9. Cookies will be used for the necessary session management, including:
- to create a special login session for the User of the website, so that the website remembers that the User is logged in and their requests are delivered in an efficient, secure and consistent manner;
- to recognise the User who has previously visited the website, which allows to identify the number of unique Users who have used the website and to ensure that the website has sufficient capacity for the number of new Users;
- to check whether a website visitor is registered on the website;
- to record information from the User's device, including: cookies, IP address and information about the used browser, to be able to diagnose problems, administer and track the use of the website;
- to customise the elements of the layout or the content of the website;
- to collect statistical information about how the User uses the website, to be able to improve the website and to determine which areas of the website are most popular among the Users.
- For the above purposes, the Internet tracking technology popular on the market is used in the form of the Google Analytics tool, provided by Google LLC, 1600 Amphitheater Parkway, Mountain View, CA 94043, USA, which is used to monitor traffic on the website and optimise the display of marketing and promotional content.

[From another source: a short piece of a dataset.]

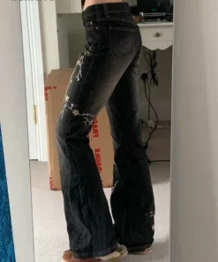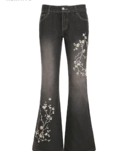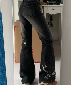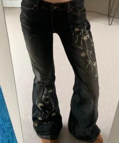 Flared Jeans with Floral Embroidery for Women in Low Rise Design
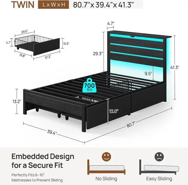 Rolanstar Twin Bed Frame with 4 Drawers, LED Lights and Charging Station, Metal Platform Bed with Storage Headboard, Noise Free, Easy Assembly, No Box Spring Needed, Black

In view of the above, anonymous data is collected regarding the websites visited by Users, including:
- the type of browser used by the User;
- the date of the first and last visit and length of the User's visit;
- the location from which the User visited the website;
- the number of unique visits or views.
- Google Analytics also collects demographic data and data related to the User's interests.
As part of the cookie settings directly from the website, the user can decide whether or not to consent to the collection of such data.
- Google Analytics does not collect any data that makes it possible to identify the User. Therefore, data collected as part of Google Analytics does not constitute personal data.
- The Google Analytics tool is used in such a way that the User's IP address is shortened before it is transmitted beyond the European Economic Area. Only in exceptional cases the full IP address is transferred to the Google server in the USA and shortened there. Anonymised IP addresses processed by Google Analytics are typically not merged with other Google data.
- The User can prevent the data collected by cookies regarding their use of the website from being recorded by Google, as well as the processing of the data by Google, by installing the browser plug-in available at the following address: https://tools.google.com/dlpage/gaoptout.
- Users interested in details related to data processing within Google Analytics can read the explanation prepared by Google and available at the following address: https://support.google.com/analytics/answer/6004245.
Amendments
In case of any amendments to the applicable Privacy Policy, relevant modifications to the above provision will be made accordingly.